**Your assignment**
Word for word, restate the lines of the listing below from the line with "經典案例:根據泡泡瑪特招股書" through the line with "Tautliner mit verbreiterbarer", and do not include the pictures.

**Material shown**

---------------

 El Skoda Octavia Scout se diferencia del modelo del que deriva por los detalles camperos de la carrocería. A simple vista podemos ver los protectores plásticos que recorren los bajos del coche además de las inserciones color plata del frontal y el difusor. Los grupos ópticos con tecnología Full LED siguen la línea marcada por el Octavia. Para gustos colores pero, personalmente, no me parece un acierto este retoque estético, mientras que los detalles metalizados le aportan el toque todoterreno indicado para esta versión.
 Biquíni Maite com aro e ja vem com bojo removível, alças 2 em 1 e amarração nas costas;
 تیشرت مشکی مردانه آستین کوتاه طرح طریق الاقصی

---------------

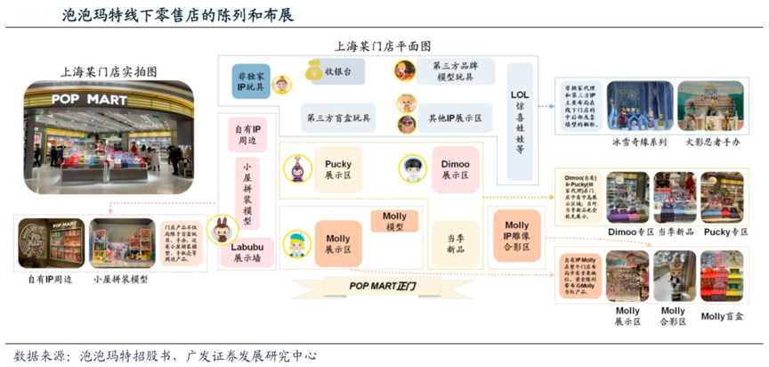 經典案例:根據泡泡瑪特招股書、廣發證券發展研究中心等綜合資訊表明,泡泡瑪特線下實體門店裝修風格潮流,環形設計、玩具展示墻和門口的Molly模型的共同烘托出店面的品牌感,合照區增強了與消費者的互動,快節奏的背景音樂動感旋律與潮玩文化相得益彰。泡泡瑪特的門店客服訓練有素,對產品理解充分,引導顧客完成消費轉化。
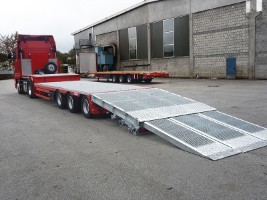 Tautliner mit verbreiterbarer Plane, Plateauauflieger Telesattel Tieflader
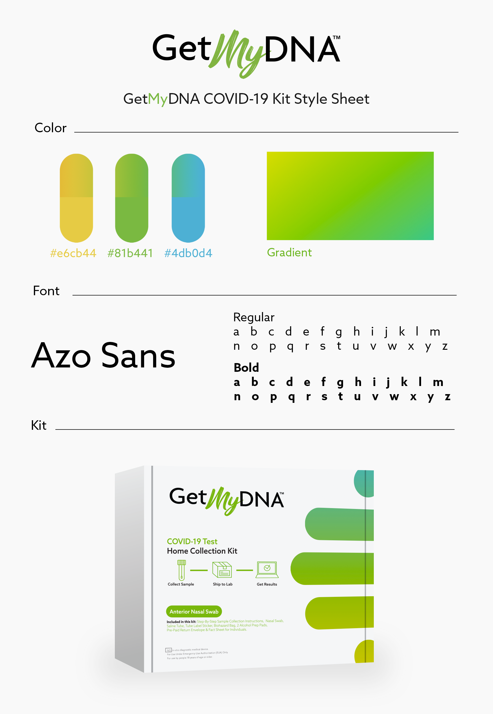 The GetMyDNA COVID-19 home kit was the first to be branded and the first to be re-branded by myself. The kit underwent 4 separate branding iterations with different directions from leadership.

---------------

**Result of the exercise**
 經典案例:根據泡泡瑪特招股書、廣發證券發展研究中心等綜合資訊表明,泡泡瑪特線下實體門店裝修風格潮流,環形設計、玩具展示墻和門口的Molly模型的共同烘托出店面的品牌感,合照區增強了與消費者的互動,快節奏的背景音樂動感旋律與潮玩文化相得益彰。泡泡瑪特的門店客服訓練有素,對產品理解充分,引導顧客完成消費轉化。
 Tautliner mit verbreiterbarer Plane, Plateauauflieger Telesattel Tieflader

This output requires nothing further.